About five hours into his Wednesday detention hearing in U.S. District Court in Augusta, however, Denis said he was sick and court adjourned without ruling on his release.
Denis is one of two House of Prayer officials still in custody after FBI agents arrested eight last week on a 26-count indictment for their roles in stealing millions in military benefits through a network of churches and real estate fraud. A ninth is charged with sex abuse involving a minor.
Lead prosecutor in the case Patricia Rhodes spent much of Wednesday afternoon demonstrating how Denis’ unknown identity makes him an extreme flight risk. Witness Todd Cart from the Department of Homeland Security testified about the array of documents Denis allegedly used to make his way into the United States, the Army and eventually to becoming a U.S. citizen.
Denis’ attorney Steven Sadow, the former lead counsel for Donald Trump in his Georgia election interference case, raised numerous questions about the documents, such as why they contained inconsistent birth dates and other details.
The real Rony Denis
The real Rony Denis arrived by boat at the Port of Miami from Haiti in October 1980 seeking asylum, Cart testified. He was assigned an alien number and later obtained a social security number. In 1983 he requested replacement immigration documents, saying his own had been stolen. He was positive for HIV and died in 1989.

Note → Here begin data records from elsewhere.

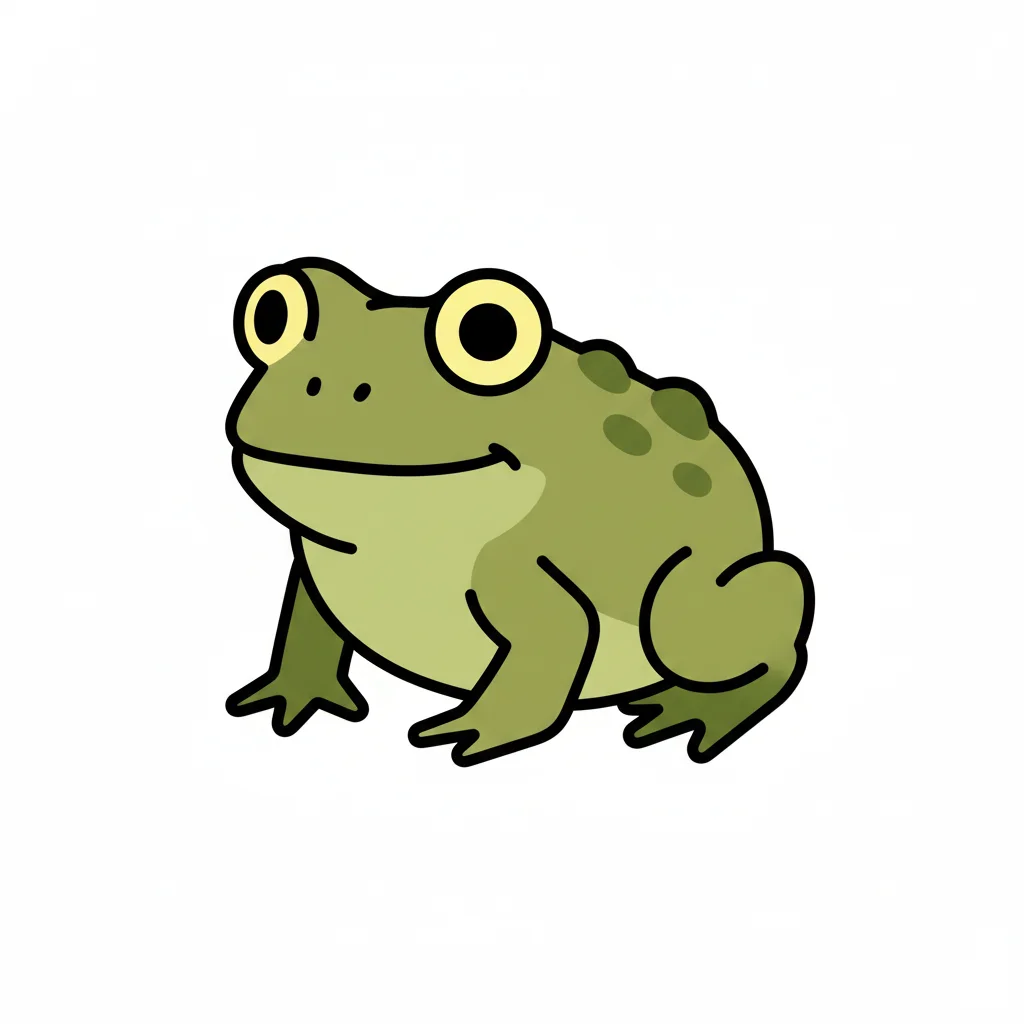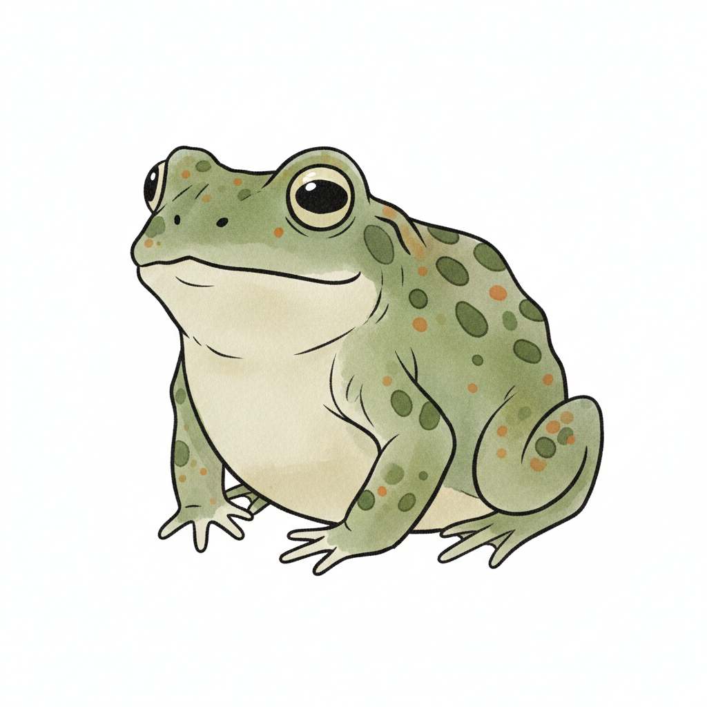 Eine grüne Froschillustration mit braunen Punkten und freundlichem Gesichtsausdruck.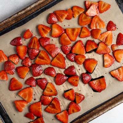 On prepared sheet pan, toss strawberries with balsamic vinegar and avocado oil. Spread into a single layer and roast 20 minutes. Allow to cool slightly.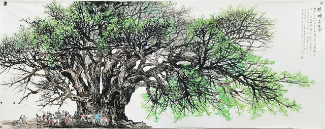 陇上古槐,气吞山河。秀而繁荫,芮鞫之兴。风华正茂,分荫万畦。水墨关,悠然放歌。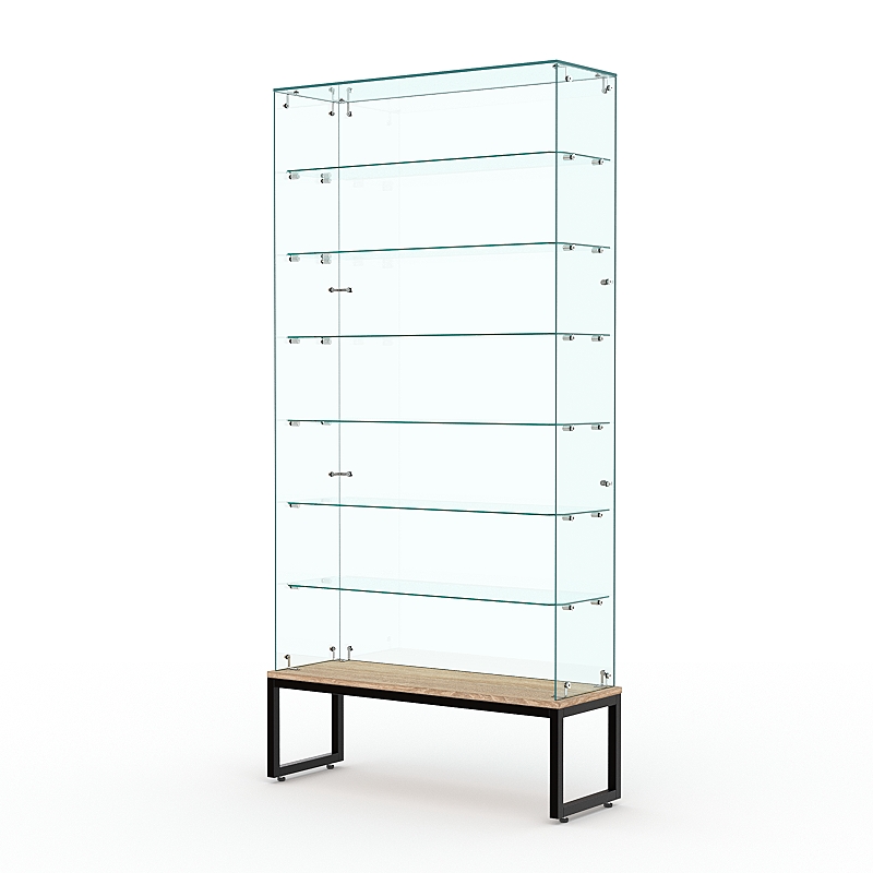 Торговая стеклянная витрина на металлическом основании из сварной профильной трубы 25х25мм, покрытой порошковой краской украсит интерьер книжного, художественного, парфюмерного магазина.

The real Denis, Sadow noted, had arrived in the country without any documentation himself.
The House of Prayer leader Rony Denis, meanwhile, used the actual Denis’ name, birthdate and alien number to join the Army. An Army recruiter would have been expected to verify the enlistee’s immigration papers, said Cart.
Using a false name and ID numbers to join the military “alone, is sufficient to deny him bond,” but there are several other reasons, including his access to “considerable funds,” Rhodes told the court.

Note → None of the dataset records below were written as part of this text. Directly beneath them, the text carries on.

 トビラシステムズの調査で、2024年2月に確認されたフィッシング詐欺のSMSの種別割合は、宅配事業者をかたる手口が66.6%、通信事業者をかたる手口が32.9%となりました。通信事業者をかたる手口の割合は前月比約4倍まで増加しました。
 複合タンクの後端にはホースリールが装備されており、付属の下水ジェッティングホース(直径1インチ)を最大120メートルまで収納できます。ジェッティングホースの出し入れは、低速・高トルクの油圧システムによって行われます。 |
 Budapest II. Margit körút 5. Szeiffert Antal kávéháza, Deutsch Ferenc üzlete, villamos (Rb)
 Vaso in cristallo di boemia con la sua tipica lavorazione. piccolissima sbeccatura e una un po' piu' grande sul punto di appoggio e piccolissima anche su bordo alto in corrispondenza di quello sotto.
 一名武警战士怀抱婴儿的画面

Income hidden through layers
During the years 2018-2020, the IRS determined Denis had unreported income of more than $5.7 million, Rhodes said. The church took in $2.8 million in unreported income, she said. And the church Denis’ inner circle moved funds around “like a shell game” through hundreds of accounts and transactions that tended to lead back to Denis’ pockets, she said.
Rhodes showed the court a 2018 check for $800,000 written to Denis. He used the funds toward the purchase of homes in Palm Beach, Fla., and nearby Martinez, she said. FBI agents and sheriff’s deputies arrested Denis at his $1.5 million home in the gated subdivision.
Authorities have broken the organization’s fraud into two main schemes: One diverted millions in GI bill payments into strict, but worthless House of Prayer seminaries, despite the programs being ineligible for the funding. The other was an elaborate real estate scheme in which church members were used as straw buyers to fraudulently purchase homes used to generate church leaders’ profits.
The wealth was used to purchase luxury automobiles including two Rolls Royces and two Bentleys, Rhodes said.
Church business practices
The other defendant still in custody, Anthony Oloans, served a key role as liaison between Denis and the enterprise, she said. Oloans delivered daily reports and thumb drives containing copious amounts of information such as account logins, security questions, mortgage information and the identities of all participants. Oloans was scheduled to have a detention hearing Thursday.
The documents were kept in folders known as the “hooch,” Rhodes said. Recordings will reveal defendants commenting about the need to “clean up the hooch,” she said.
Prosecutors also believe Denis’ extreme influence on his congregation would lead to intimidation of witnesses, she said.
Recordings will show members reporting being afraid to leave and harassed and threatened if they tried. Denis held a meeting on the topic, “how to stay ahead of the FBI,” she said. Members were instructed to do exactly as Denis said, even if it included consuming unknown substances, she said.
Denis is known as the “ultimate decisionmaker,” she said. “Nothing happens without his approval.”